Data block =
::::
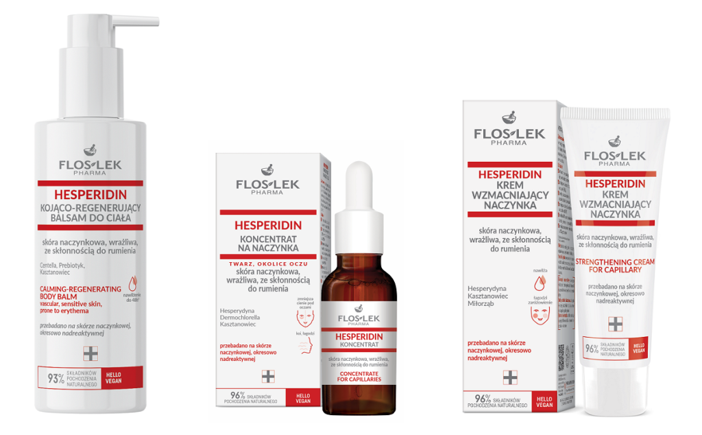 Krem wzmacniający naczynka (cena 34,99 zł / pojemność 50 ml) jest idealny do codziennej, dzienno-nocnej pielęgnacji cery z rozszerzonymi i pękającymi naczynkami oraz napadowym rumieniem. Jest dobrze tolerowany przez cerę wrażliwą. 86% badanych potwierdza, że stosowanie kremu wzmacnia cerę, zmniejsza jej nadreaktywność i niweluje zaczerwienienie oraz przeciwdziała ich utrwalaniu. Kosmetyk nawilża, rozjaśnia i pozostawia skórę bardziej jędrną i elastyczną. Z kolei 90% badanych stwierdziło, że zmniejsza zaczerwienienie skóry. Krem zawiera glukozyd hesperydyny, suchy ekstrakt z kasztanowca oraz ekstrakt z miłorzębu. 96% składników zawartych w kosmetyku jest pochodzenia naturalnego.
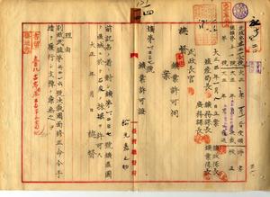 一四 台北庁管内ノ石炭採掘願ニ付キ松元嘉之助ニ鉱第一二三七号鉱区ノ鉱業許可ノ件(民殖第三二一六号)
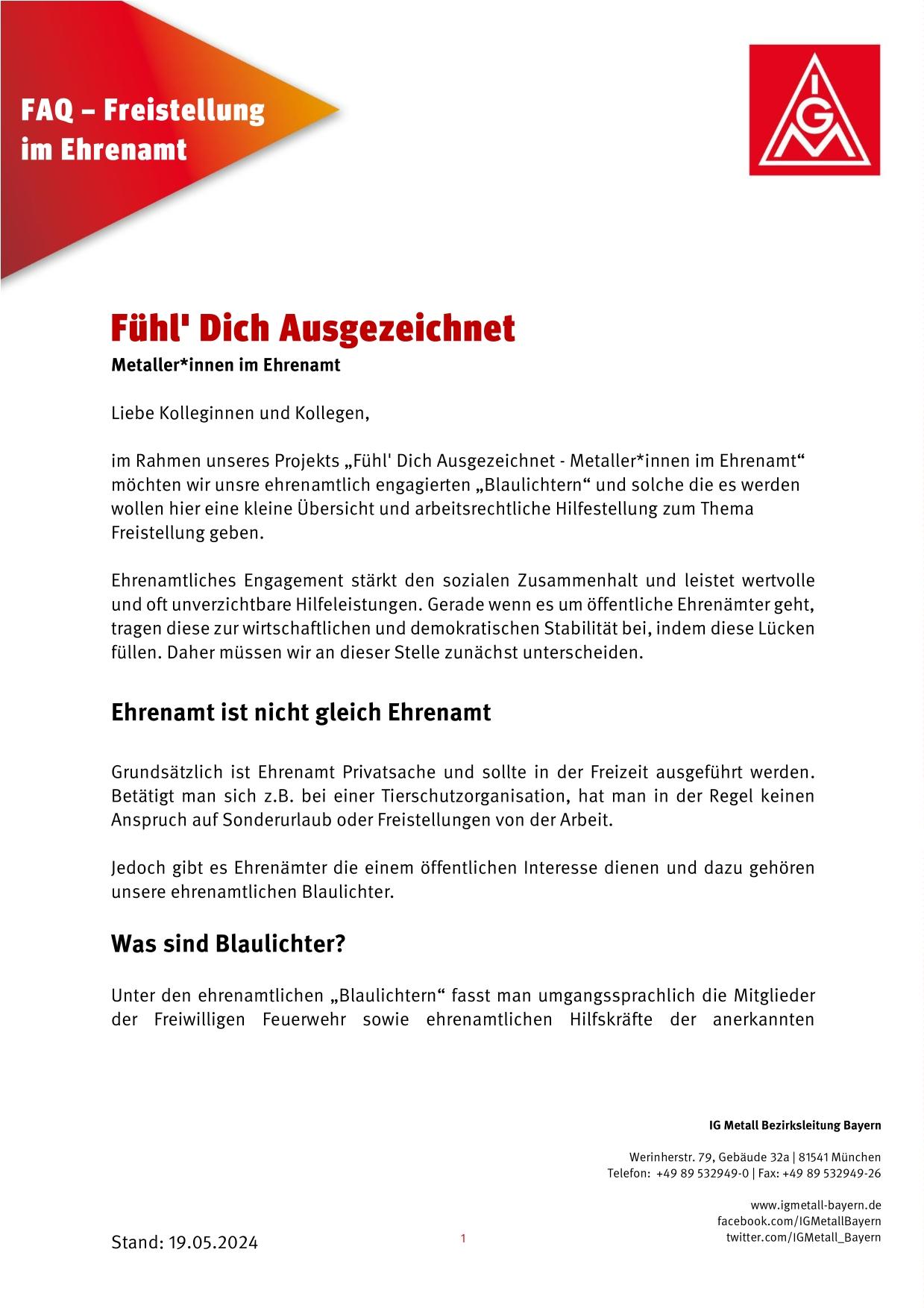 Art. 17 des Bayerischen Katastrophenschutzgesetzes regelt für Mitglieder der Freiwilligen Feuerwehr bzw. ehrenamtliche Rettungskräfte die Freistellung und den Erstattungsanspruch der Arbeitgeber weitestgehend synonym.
::::
Reproduce the data word for word, excluding its pictures.

Response =
 Krem wzmacniający naczynka (cena 34,99 zł / pojemność 50 ml) jest idealny do codziennej, dzienno-nocnej pielęgnacji cery z rozszerzonymi i pękającymi naczynkami oraz napadowym rumieniem. Jest dobrze tolerowany przez cerę wrażliwą. 86% badanych potwierdza, że stosowanie kremu wzmacnia cerę, zmniejsza jej nadreaktywność i niweluje zaczerwienienie oraz przeciwdziała ich utrwalaniu. Kosmetyk nawilża, rozjaśnia i pozostawia skórę bardziej jędrną i elastyczną. Z kolei 90% badanych stwierdziło, że zmniejsza zaczerwienienie skóry. Krem zawiera glukozyd hesperydyny, suchy ekstrakt z kasztanowca oraz ekstrakt z miłorzębu. 96% składników zawartych w kosmetyku jest pochodzenia naturalnego.
 一四 台北庁管内ノ石炭採掘願ニ付キ松元嘉之助ニ鉱第一二三七号鉱区ノ鉱業許可ノ件(民殖第三二一六号)
 Art. 17 des Bayerischen Katastrophenschutzgesetzes regelt für Mitglieder der Freiwilligen Feuerwehr bzw. ehrenamtliche Rettungskräfte die Freistellung und den Erstattungsanspruch der Arbeitgeber weitestgehend synonym.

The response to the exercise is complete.